For example, suppose that the PostgreSQL log shows that 35 files are recycled from the "checkpoint completed" log statements within a 5-minute time frame. In that case, we know that with this usage pattern a Read Replica relies on 35 transaction files in five minutes. A Read Replica can't survive five minutes in a nonstreaming state if the source DB instance is set to the default wal_keep_segments parameter value of 32.

Troubleshooting PostgreSQL Read Replica Problems Across AWS Regions

PostgreSQL (versions 9.4.7 and 9.5.2 exclusively) uses physical replication slots to manage Write Ahead Log (WAL) retention on the source DB instance. For each cross-region Read Replica instance, Amazon RDS creates and associates a physical replication slot. You can use two Amazon CloudWatch metrics, Oldest Replication Slot Lag and Transaction Logs Disk Usage, to see how far behind the most lagging replica is in terms of WAL data received and to see how much storage is being used for WAL data. The Transaction Logs Disk Usage value can substantially increase when a cross-region Read Replica is lagging significantly.

If the workload on your DB instance generates a large amount of WAL data, you might need to change the DB instance class of your source DB instance and Read Replica. In that case, you change it to one with high (10 Gbps) network performance for the replica to keep up. The Amazon CloudWatch metric Transaction Logs Generation can help you understand the rate at which your workload is generating WAL data.

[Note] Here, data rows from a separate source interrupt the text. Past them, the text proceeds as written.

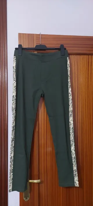 Leggings verde botella con detalle de serpiente en los laterales. Simula abertura frontal y tiene bolsos traseros. Tela fuerte de algodón muy elástica. Mide 40 cm de cintura que estira hasta 48 y 93 de largo. Talla real 42. Poco uso.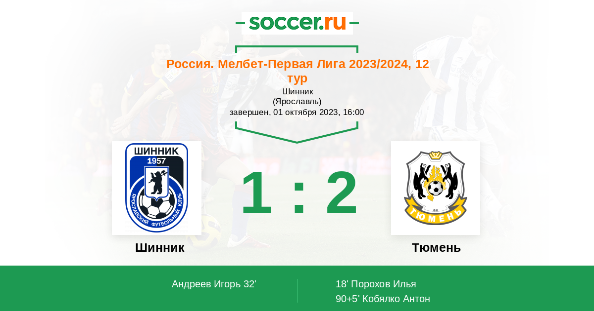 Шинник - Тюмень: обзор матча 1 октября 2023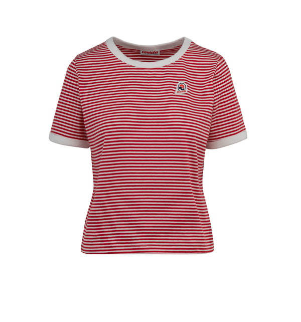 Women's short-sleeved T-shirt made from GOTS certified organic cotton. Striped model with a regular fit and a simple design.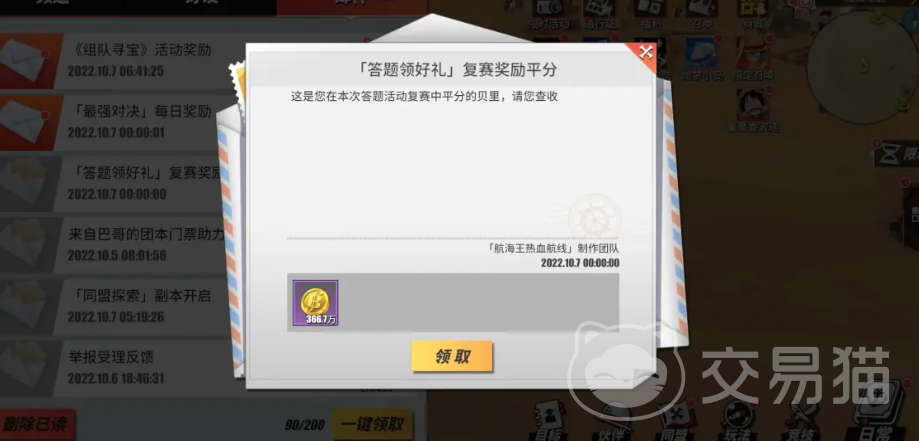 活动期间,玩家点击路飞的个人档案,这时候跳出生日礼包的按钮,点击进出就可以获得生日奖励,如果将生日进行转发,还可以额外获得奖励哦!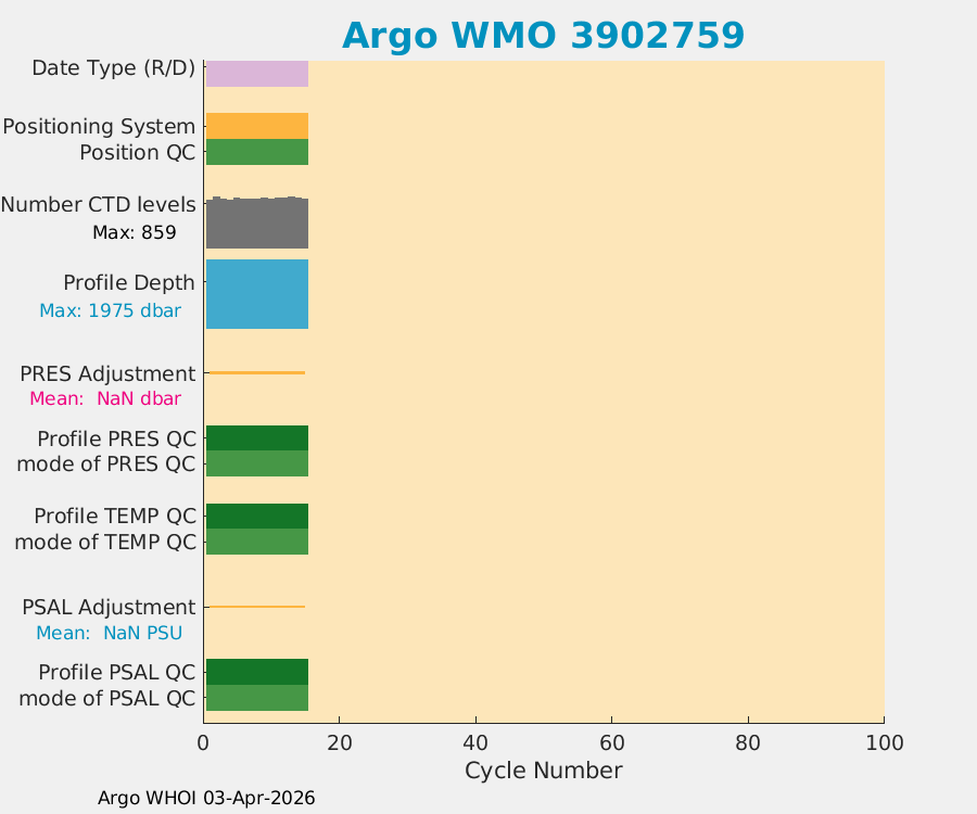 | WMO: #4903070 DAC: aoml PI: PETER BRICKLEY SOLO_D MRV: #12087 SBE: #6125 KISTLER_10153PSIA: #6230178 Altimeter Comparison (IFREMER) EuroArgo Link | n/a | n/a | ![]() |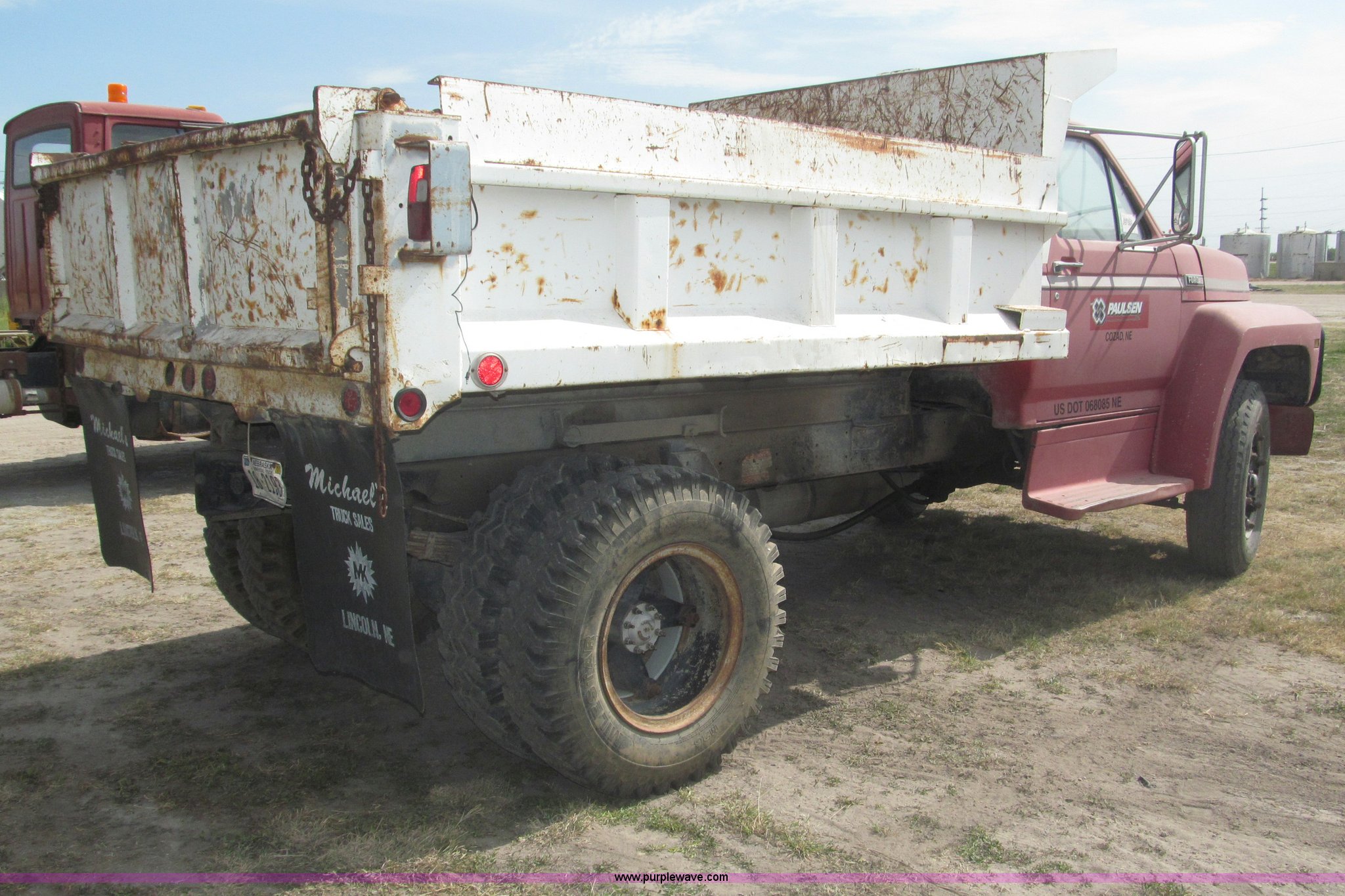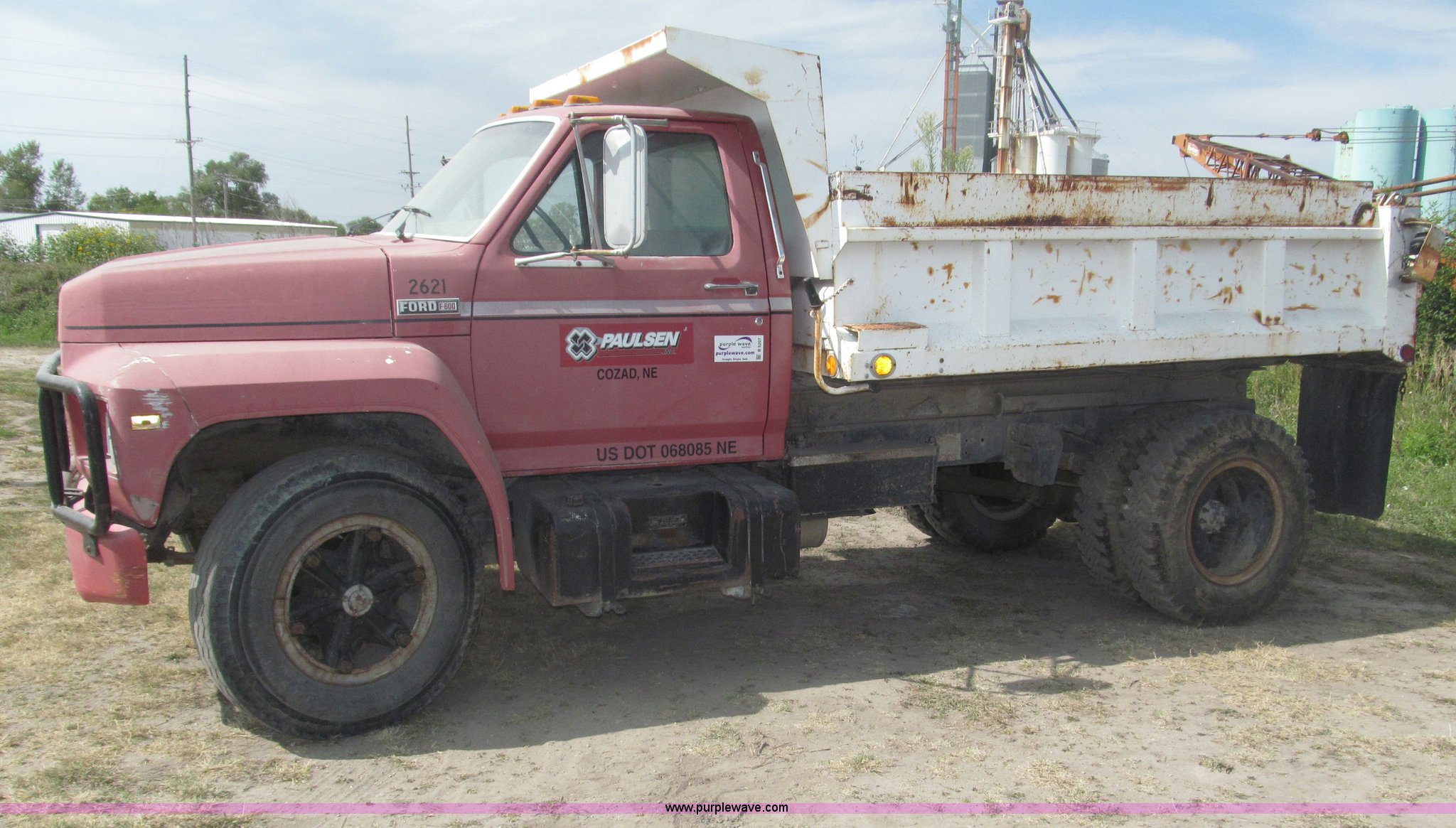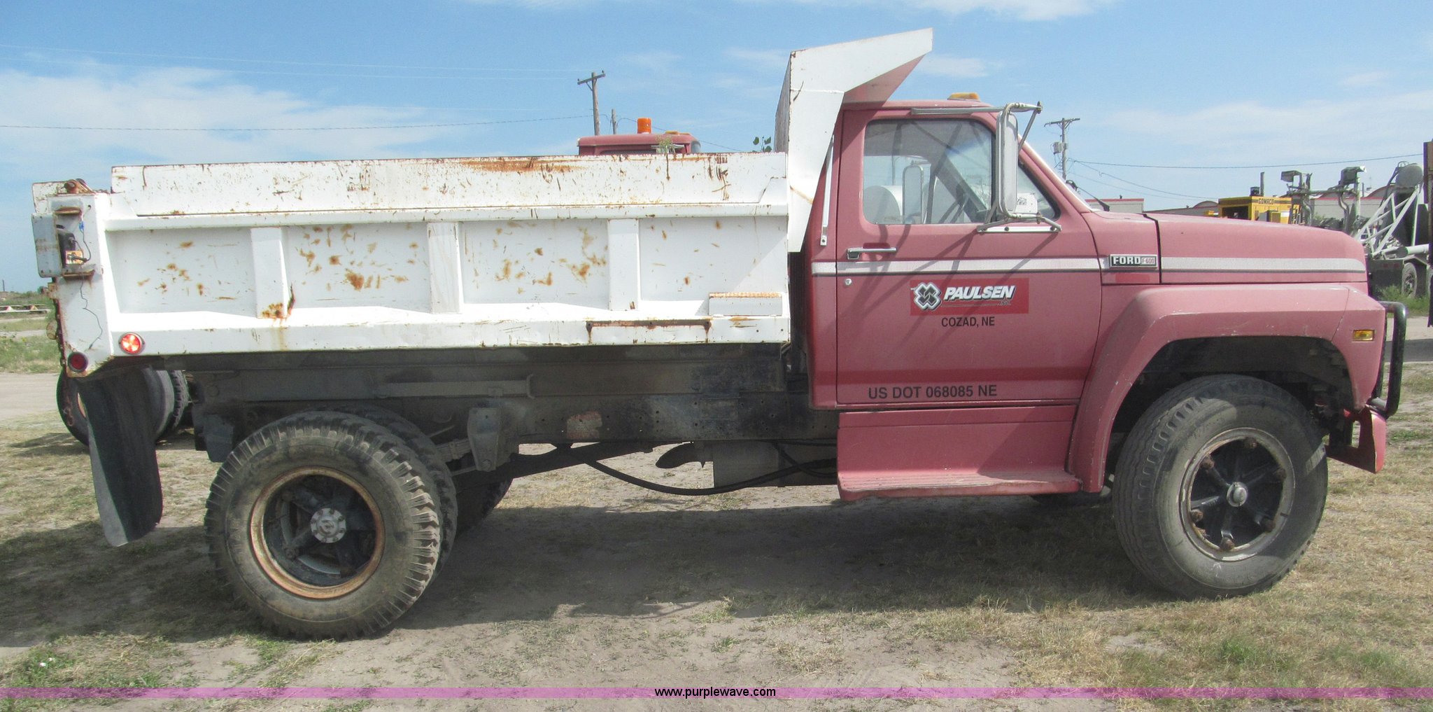 Purple Wave is selling a used Construction Dump Truck in Nebraska. This item is a 1986 Ford F600 dump truck with the following: 125,033 miles on odometer, 8.2L V8 diesel engine, Automatic transmission, Heat, Manual windows, seat, and mirrors, Vinyl interior, Backup alarm, 10' dump box, 5 cu. yd. capacity, PTO, Clearance lights, 50 gallon fuel tank, Rockwell F rear axle, 3.29 gear ratio, Serial 106BNX41, 207" wheelbase, 9.00-20 tires, EIN 2621

To determine the status of a cross-region Read Replica, you can query pg_replication_slots on the source instance, as in the following example:

postgres=# select * from pg_replication_slots; slot_name | plugin | slot_type | datoid | database | active | active_pid | xmin | catalog_xmin | restart_lsn _______________________________________________________________________________________________________________________________________________ rds_us_east_1_db_uzwlholddgpblksce6hgw4nkte | | physical | | | t | 12598 | | | 4E/95000060 (1 row)